Cloud environment investigations round out the picture. AWS-based alerts — snapshot deletions, configuration changes, activity that signals potential data exposure or infrastructure manipulation — previously took 30 minutes to work through. The runbook completes the same investigation in 10 minutes, a 67% time savings that compounds quickly across a high-volume cloud environment. In each case, no action is taken, no case closed, without an analyst's eyes on it first.

Across all three, the pattern is the same: the AI didn't create the investigative process. It operationalized one that already existed and was already sound. Which means the ROI of your AI SOC investment is directly proportional to the quality of the foundation beneath it.

Human Judgment Isn't Optional

None of this replaces the need for experienced operators. What it changes is how their time is spent. When agents handle Tier 1 volume, the repetitive, pattern-matched investigations, analysts are freed to focus on Tier 2 and Tier 3 work: threat hunting, adversary emulation, tuning detection logic and reviewing the outputs that agents escalate.

The human role in the AI SOC is elevated and realizing that potential requires building a SOC where humans and agents are working from the same playbook: one built on structured detection, validated data and offensive-informed context. AI handles the volume. Humans handle the judgment. That division only works when the underlying systems give both sides what they need to operate with confidence.

The Fundamentals Are the AI Strategy

There's a version of the AI SOC conversation that treats agentic tools as a shortcut around investment in people, process and architecture. That version leads to a faster, more automated version of the same reactive posture security teams have struggled with for years.

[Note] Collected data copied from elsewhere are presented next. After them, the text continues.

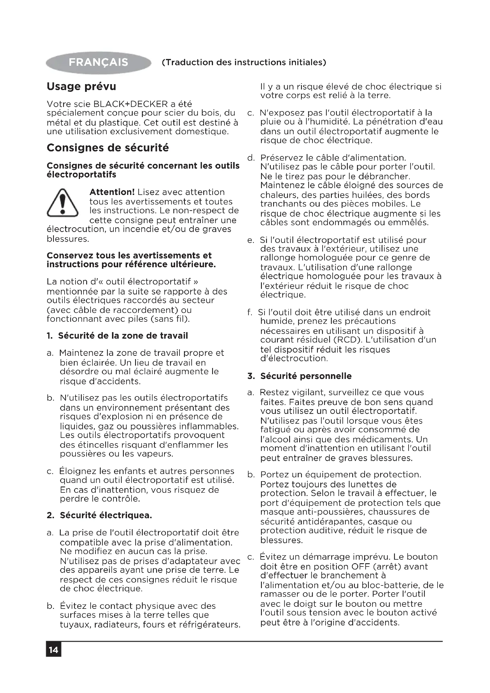 - Repairs have been attempted by persons other than authorised repair agents or Black + Decker service staff. To claim on the guarantee, you will need to submit proof of purchase to the seller or an authorised repair agent. You can check the location of your nearest authorised repair agent by contacting your local BLACK+DECKER office at the address indicated in this manual. Alternatively, a list of authorised BLACK+DECKER repair agents and full details of our aftersales service and contacts are available on the Internet at: www.2helpU.com14 FRANÇAIS (Traduction des instructions initiales) Usage prévu Votre scie BLACK+DECKER a été spécialement conçue pour scier du bois, du métal et du plastique. Cet outil est destiné à une utilisation exclusivement domestique. Consignes de sécurité Consignes de sécurité concernant les outils électroportatifs Attention! Lisez avec attention tous les avertissements et toutes les instructions. Le non-respect de cette consigne peut entraîner une électrocution, un incendie et/ou de graves blessures. Conservez tous les avertissements et instructions pour référence ultérieure. La notion d'« outil électroportatif » mentionnée par la suite se rapporte à des outils électriques raccordés au secteur (avec câble de raccordement) ou fonctionnant avec piles (sans fil).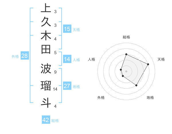 上久木田 波瑠斗さんを姓名の画数から五運を鑑定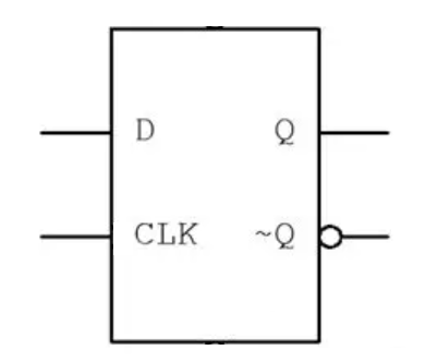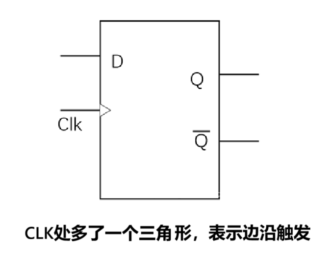 我们仅仅需要将输入端用一个非门连接,就能保证输入的S和R永远是相反的值,从根本上避免了约束条件。从下图可以发现所谓的D触发器,特别简单。与SR触发器仅仅多了一个非门。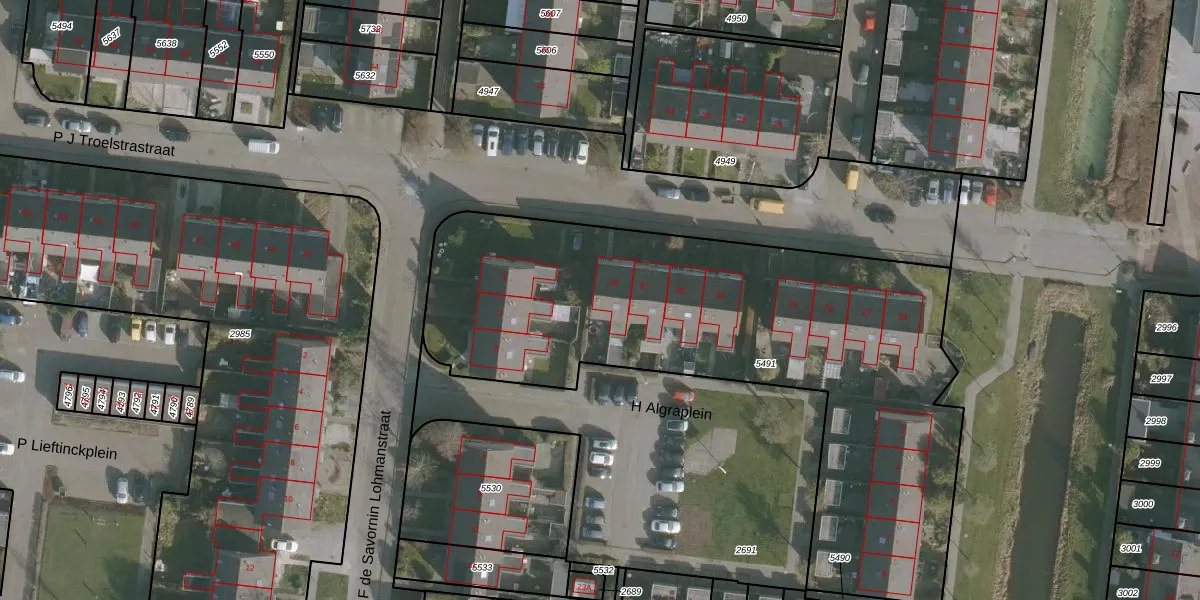 Het perceel waarop P J Troelstrastraat 39 staat heeft een oppervlakte van 2840 m². Dit is een zeer groot perceel. De perceeloppervlakte wordt geregistreerd door het Kadaster. Gedetailleerde informatie over de maten van dit perceel kunt u vinden in het rapport Kadastrale kaart met maatvoering van P J Troelstrastraat 39.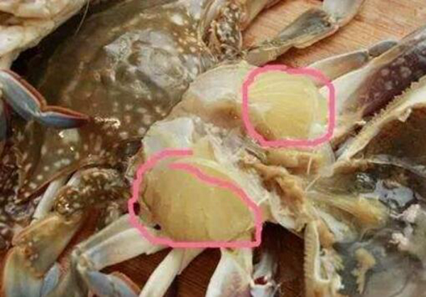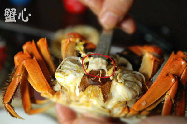 蟹鳃是最明显的一个位置了,只要将蟹壳打开,两排灰色的软绵绵的东西就是,这是螃蟹呼吸的东西最好也不要吃。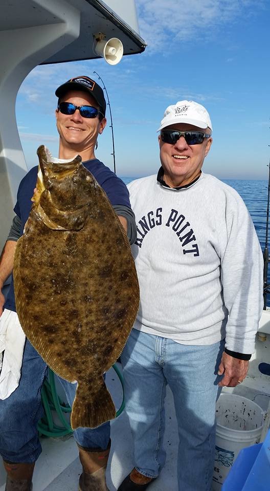 Captain Chris Mizurak on the Angler reported another good day of fishing some ocean structure. The crew had to weed through some throwback sized sea bass, but some folks had a good catch. There were some double header sea bass drops and some big bluefish, and Don was the fish pool winner with a doormat 29″, 9.5 pound flounder.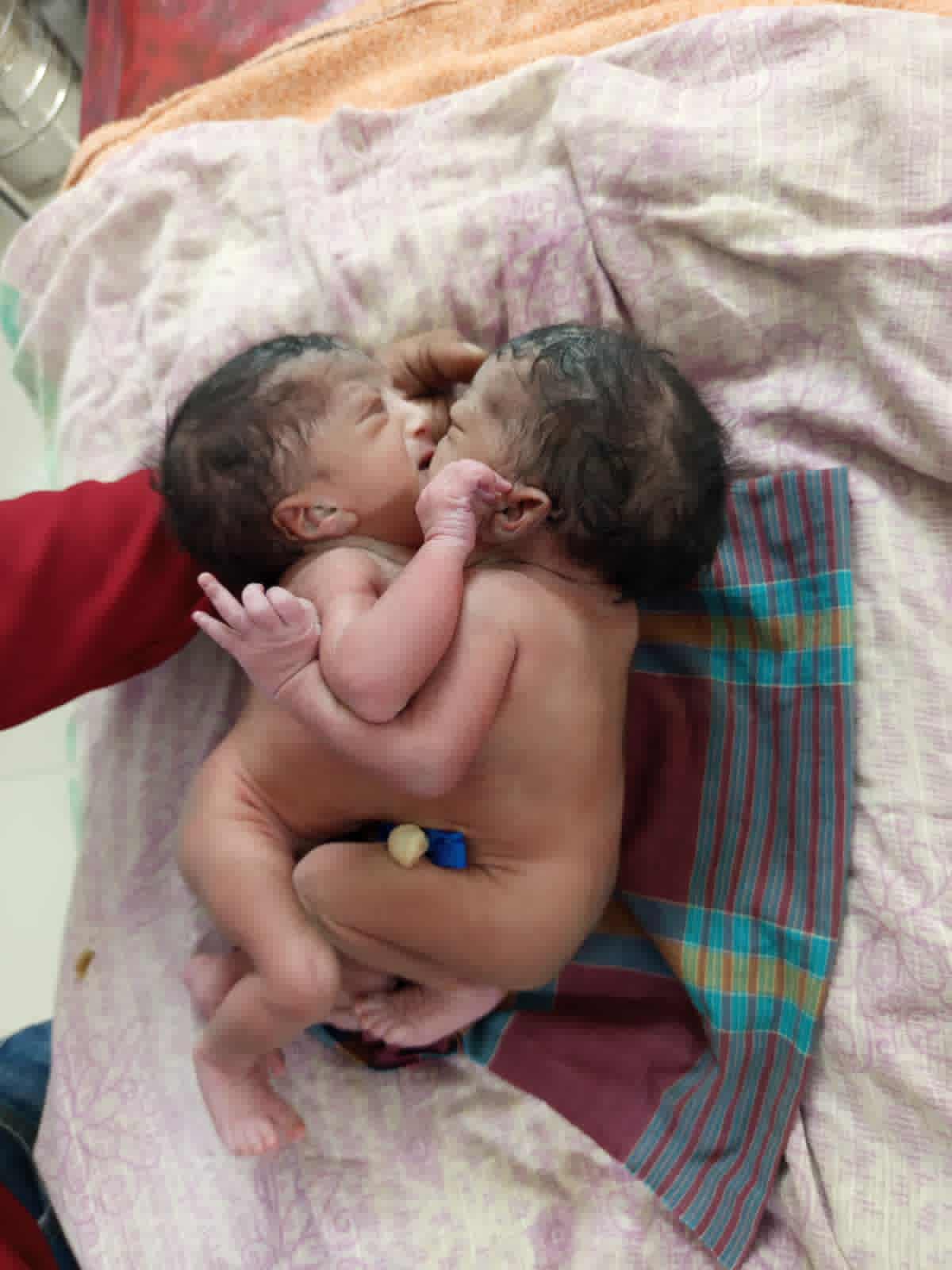 নিউপুপুলার ক্লিনিক এন্ড ডায়াগনস্টিক সেন্টারের পরিচালক রমজান আলী বলেন, প্রসব ব্যাথা নিয়ে গতকাল বৃহস্পতিবার এখানে ভর্তি হোন আজ শুক্রবার দুপুরে রাজশাহী মেডিকেল কলেজের গাইনী বিভাগের সহকারী অধ্যাপক স্ত্রীরোগ প্রস্বতিবিদ্যা বিশেষজ্ঞ ও সার্জন ডা. সুরভি সরকার সফল সিজারিয়ান অপারেশনের মাধ্যমে জোড়া লাগানো জমজ শিশুদুটি ভূমিষ্ট হয়। শিশুদুটি এখন সুস্থ আছে। তবে তাদের উন্নত চিকিৎসার জন্য রাজশাহী মেডিকেল কলেজ হাসপাতালে প্রেরণ করতে হবে। শিশু দুটির পিতা মাতা গরিব অসহায় রাজশাহী যেতে ভয় পাচ্ছেন।#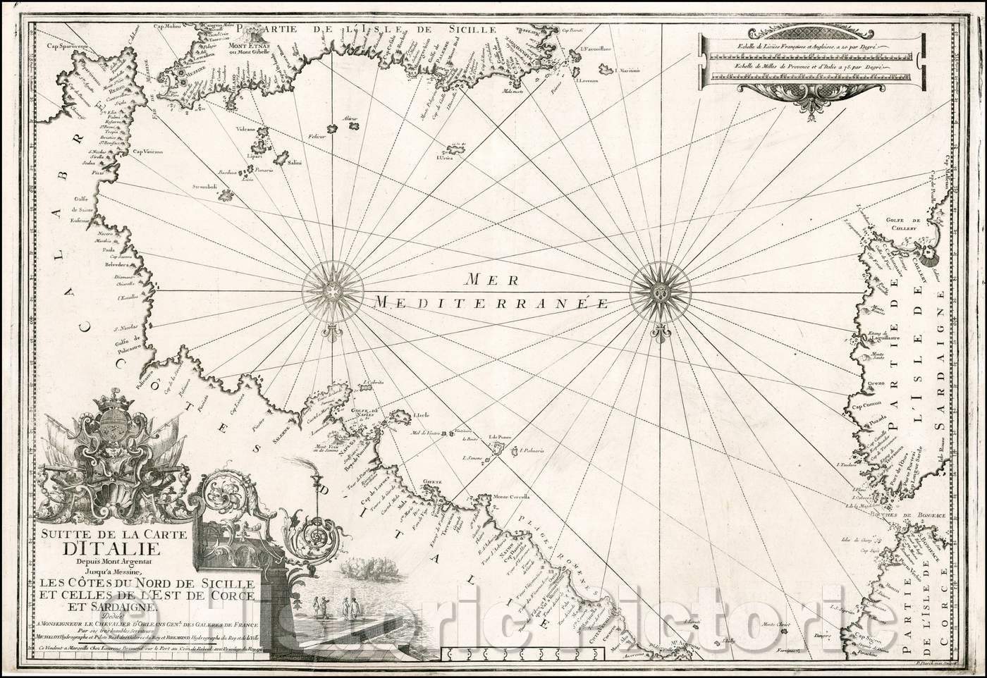 Historic Map - Sutte De La Carte D'Italie Depuis Mont Argentat Jusqu'a Messine/Chart of the Southern Italian Mediterranean coastline, 1718, Laurent Bremond - Vintage Wall Art

The better path, and the one we're seeing work in practice, is to recognize that getting your house in order isn't preparation for the AI SOC. It is the AI SOC strategy.

Detection-as-Code, unified telemetry, continuous adversary validation, structured response automation: these aren't legacy concepts being replaced by AI. They are the conditions under which AI agents actually succeed.

As for the changing role of humans in the SOC? At UV, the human and the machine work in tandem. AI runbooks act as a force multiplier, automating the cognitive heavy lifting of enrichment, correlation, and pivoting, but decision authority stays with the analyst. An agentic AI can triage and work a runbook, but the case is always reassigned to a person before any response action is taken. No autonomous blocking. No auto-isolation. No case closure without an analyst's eyes on it. Tested guardrails to limit AI autonomy.

To deliver better security outcomes amidst the AI Hype Cycle, the strategy is clear: Build the foundation, an d the agents will follow.